2. Process refers to an application that is running in the system, which is the execution process of a program. We can understand it as the operation of an APP on a mobile phone.

3. Each process is independent of each other. Each process runs in its dedicated and protected memory space and has all resources required for independent running.

• thread

1. The smallest unit of a program’s execution flow. A thread is an entity in a process.

2. To execute a task, a process must have at least one thread. When an application starts, the system starts a thread, called the main thread, by default.

• The relationship between the two

1. A thread is the execution unit of a process. All tasks of a process are executed in a thread.

2. Thread is the minimum unit of CPU resource allocation and scheduling.

3. A program can correspond to multiple processes (multi-process). There can be multiple threads in a process, but there must be at least one thread.

4. Threads in the same process share process resources.
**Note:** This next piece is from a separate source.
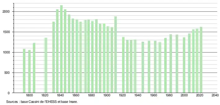 L'évolution du nombre d'habitants est connue à travers les recensements de la population effectués dans la commune depuis 1793. Pour les communes de moins de 10 000 habitants, une enquête de recensement portant sur toute la population est réalisée tous les cinq ans, les populations légales des années intermédiaires étant quant à elles estimées par interpolation ou extrapolation[42]. Pour la commune, le premier recensement exhaustif entrant dans le cadre du nouveau dispositif a été réalisé en 2006[43].

Multi-process, multi-thread

• Multiple processes

Open the MAC’s activity monitor and you can see many processes running at the same time.

• multithreading

1. The CPU can process only one thread at a time, and only one thread is executing. With a single CPU, multiple threads execute concurrently, which is essentially the CPU scheduling quickly between multiple threads. If the CPU schedules threads fast enough, it creates the illusion that multiple threads are executing concurrently. With multiple cpus, it’s true parallelism.

2. In a single CPU, if there are too many threads, the CPU will schedule the threads among N threads, consuming a large amount of CPU resources, and the execution frequency of each thread is reduced (the execution efficiency of the thread is reduced).
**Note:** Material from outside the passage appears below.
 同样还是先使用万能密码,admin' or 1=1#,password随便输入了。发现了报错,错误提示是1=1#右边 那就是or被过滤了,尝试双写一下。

3. Advantages of multi-threading:

Can properly improve the execution efficiency of the program can properly improve the utilization of resources (CPU, memory utilization)Copy the code

4. Disadvantages of multithreading

Starting threads occupies a certain amount of memory (by default, the main thread occupies 1 MB and the sub-threads occupy 512KB). If a large number of threads are enabled, the memory occupies a large amount and the program performance deteriorates. The more threads there are, the more overhead the CPU has on scheduling threads and the more complex the programming is: communication between threads, data sharing between multiple threadsCopy the code

Tasks, queues

• task

Perform an operation, that piece of code executed in a thread. GCD is placed in a block. There are two ways to execute tasks: sync and Async.

Synchronization (Sync)

Synchronously add tasks to a specified queue. Before the added tasks are finished, the system waits until the tasks in the queue are finished and then continues to execute the tasks. That is, the thread is blocked. It can only execute tasks in the current thread (the current thread, not necessarily the main thread) and does not have the ability to start new threads.Copy the code

Asynchronous (Async)

The thread returns immediately and continues without waiting, without blocking the current thread. You can execute tasks in new threads and have the ability to start new threads (not necessarily new threads). If not added to the main queue, asynchrony executes tasks in child threadsCopy the code

• The queue

The queue here refers to the waiting queue for executing tasks, that is, the queue for storing tasks.

A queue is a special linear table that uses FIFO (first in, first out), meaning that new tasks are always inserted at the end of the queue and read from the head of the queue. Each time a task is read, a task is released from the queue.

There are two types of queues in GCD: serial queues and concurrent queues. Both comply with FIFO (first in, first out). The main differences between the two are: the execution order is different, and the number of threads started is different.

Serial Dispatch Queue

Only one task can be executed in a queue at a time. The next task can be executed only after the current task is completed. (Only one thread is started. After one task is completed, the next task is executed.) The main queue is a serial queue on the main thread that the system automatically creates for us.Copy the code

Concurrent Dispatch Queue

Multiple tasks can be executed concurrently. (Multiple threads can be started and tasks can be executed simultaneously). The concurrency functionality of concurrent queues is only available with asynchronous (dispatch_async) functions.Copy the code

Multithreading in iOS

pthread

Based on C language, it is used in many OS with high portability, but rarely used in iOS, mainly including the following three.

NSThread

Through apple dad’s encapsulation, object-oriented. Lightweight multithreading technology.

There are three ways.

NSThread *thread1 = [[NSThread alloc] initWithTarget:self selector:@selector(thread1) object:nil]; [thread1 start]; //Copy the code

[NSThread detachNewThreadSelector:@selector(thread1) toTarget:self withObject:nil];Copy the code

/ / 【 NSObject subclass and objects, can call this method, a way of opening the child thread is NSThread] [self performSelectorInBackground: @ the selector (thread1) withObject: nil];Copy the code

Resident threads are usually implemented using NSThread+NSRunloop.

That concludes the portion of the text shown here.